Ok. Cool, we've got our data in. However before we will be able to solve our problem we need to apply a couple of transformations. For example, genres are listed using a pipeline separator, and in order to be able to proceed with the analysis we need to transform our dataset to the dataset of the form (movieID, title, genre).

In [34]:
# Transforming the data
movie_genre = (
    (
        movies
            .withColumn("genres_array", f.split("genres", "\|"))
            .withColumn("genre", f.explode("genres_array"))
    )
    .select("movieId", "title", "genre")
)

# Let's check what is in our dataset
movie_genre.show(5)

+-------+----------------+---------+
|movieId|           title|    genre|
+-------+----------------+---------+
|      1|Toy Story (1995)|Adventure|
|      1|Toy Story (1995)|Animation|
|      1|Toy Story (1995)| Children|
|      1|Toy Story (1995)|   Comedy|
|      1|Toy Story (1995)|  Fantasy|
+-------+----------------+---------+
only showing top 5 rows



In [56]:
# Next we want to get all the genres available
available_genres = movie_genre.select("genre").distinct()
# Number of available genres
nGenres = available_genres.count()

# Display available genres
print("We have {0} genres available in the database.".format(nGenres))
available_genres.sort("genre").show(n=nGenres, truncate=False)

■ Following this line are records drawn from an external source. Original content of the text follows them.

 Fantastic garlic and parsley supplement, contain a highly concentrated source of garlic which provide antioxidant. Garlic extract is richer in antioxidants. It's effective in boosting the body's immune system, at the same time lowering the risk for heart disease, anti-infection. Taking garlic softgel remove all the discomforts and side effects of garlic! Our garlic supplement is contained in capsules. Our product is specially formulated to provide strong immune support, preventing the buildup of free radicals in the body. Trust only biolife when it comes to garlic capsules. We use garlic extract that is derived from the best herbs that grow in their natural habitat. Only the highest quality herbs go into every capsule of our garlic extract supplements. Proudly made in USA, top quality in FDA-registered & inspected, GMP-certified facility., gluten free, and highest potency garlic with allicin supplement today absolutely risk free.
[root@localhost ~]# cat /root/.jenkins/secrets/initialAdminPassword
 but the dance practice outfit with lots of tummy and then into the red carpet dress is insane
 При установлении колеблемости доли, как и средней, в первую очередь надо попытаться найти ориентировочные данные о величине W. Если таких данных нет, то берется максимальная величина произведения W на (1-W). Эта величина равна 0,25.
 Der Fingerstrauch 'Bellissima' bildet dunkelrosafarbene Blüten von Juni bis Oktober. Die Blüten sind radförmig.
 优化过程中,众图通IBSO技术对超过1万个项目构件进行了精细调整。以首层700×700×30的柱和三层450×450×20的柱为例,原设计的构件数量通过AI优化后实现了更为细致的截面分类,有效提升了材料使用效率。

We have 20 genres available in the database.
+------------------+
|genre             |
+------------------+
|(no genres listed)|
|Action            |
|Adventure         |
|Animation         |
|Children          |
|Comedy            |
|Crime             |
|Documentary       |
|Drama             |
|Fantasy           |
|Film-Noir         |
|Horror            |
|IMAX              |
|Musical           |
|Mystery           |
|Romance           |
|Sci-Fi            |
|Thriller          |
|War               |
|Western           |
+------------------+



### Getting a result

Cool! We have a genre named "(no genres listed)". That is what we are after! To finalize our solution we need to extract a allthe movies with "(no genres listed)", and if our resulting dataset is not too huge, we will print it.

In [63]:
# Movies without a genre
movies_without_genre = movie_genre.where("genre = '(no genres listed)'")
# If the number of movies with no genre is less than 100, then we will print it
nMoviesWithoutGenre = movies_without_genre.count()
print("We have got {} movies without a genre in our dataset.".format(nMoviesWithoutGenre))
if nMoviesWithoutGenre < 100:
    movies_without_genre.sort("title").show(n=nMoviesWithoutGenre, truncate=False)

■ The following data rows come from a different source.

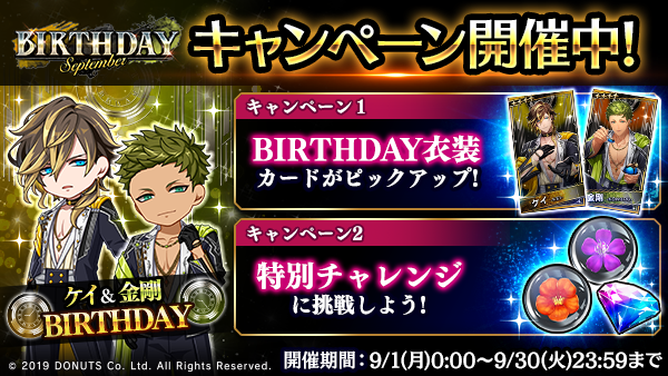 9月1日(月)0:00より9月誕生日キャストを祝うBIRTHDAYキャンペーン【September】が開催される。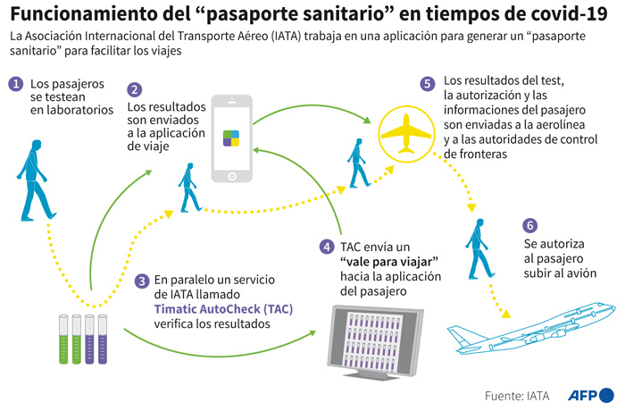 Para la IATA, es necesaria una plataforma digital para los pasajeros con información sobre qué pruebas, vacunas y otras medidas requieren antes de viajar, detalles sobre dónde pueden hacerse las pruebas y brindarles la posibilidad de compartir sus pruebas y resultados de vacunación de una manera verificable, segura.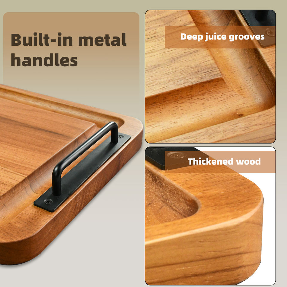 Customized Large Rectangular Wooden Charcuterie Board Extra Long Handle Modern Serving Tray for Kitchen Living Room Food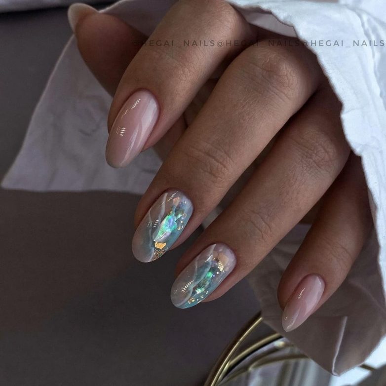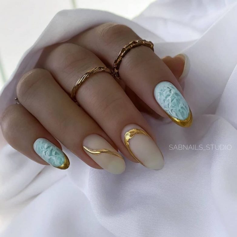 Нюдовая палитра все еще в тренде. На круглых ногтях этот естественный оттенок смотрится невероятно красиво. Маникюр подчеркнёт изысканный вкус модницы и выделит красивые и ухоженные ногти. Нюд можно украсить золотом, это тоже главная новинка 2022 года.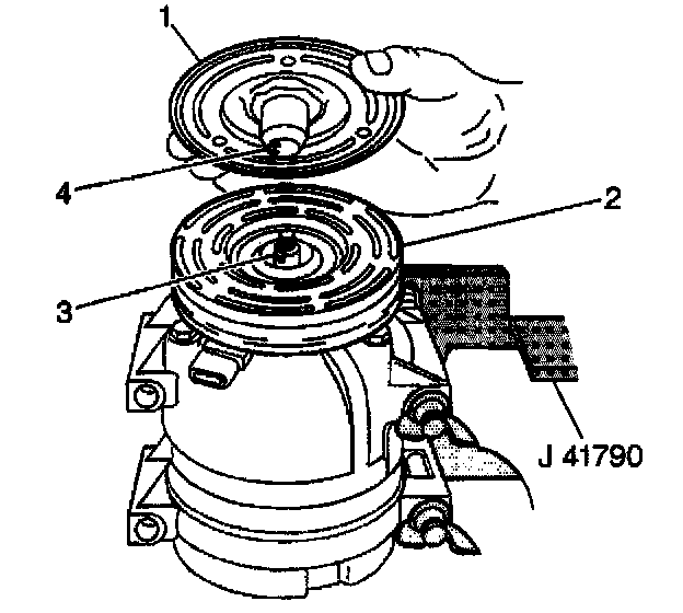 3. Align the shaft key with the shaft keyway in the clutch plate and the hub assembly and place onto the compressor shaft (3).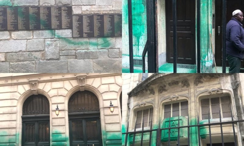 נזכיר כי בשבת מוסדות הקשורים לקהילה היהודית בפריז, הושחתו ברובע המארה במרכז פריז. אנדרטת שואה, בית הכנסת, מסעדה ובית הכנסת של אגודת הקהילות הושחתו בצבע ירוק.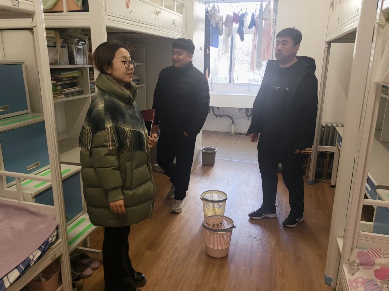 为切实优化学生住宿环境,排查潜在安全隐患,引导学生养成文明有序的生活习惯,12月4日, 杏吧 党委副书记、副院长李永新,辅导员张珍军、刘乐旋前往群星公寓7、9号楼走访调研。

We have got 34 movies without a genre in our dataset.
+-------+----------------------------------------------------------------------------------+------------------+
|movieId|title                                                                             |genre             |
+-------+----------------------------------------------------------------------------------+------------------+
|182727 |A Christmas Story Live! (2017)                                                    |(no genres listed)|
|149330 |A Cosmic Christmas (1977)                                                         |(no genres listed)|
|159779 |A Midsummer Night's Dream (2016)                                                  |(no genres listed)|
|159161 |Ali Wong: Baby Cobra (2016)                                                       |(no genres listed)|
|122888 |Ben-hur (2016)                                                                    |(no genres listed)|
|176601 |Black Mirror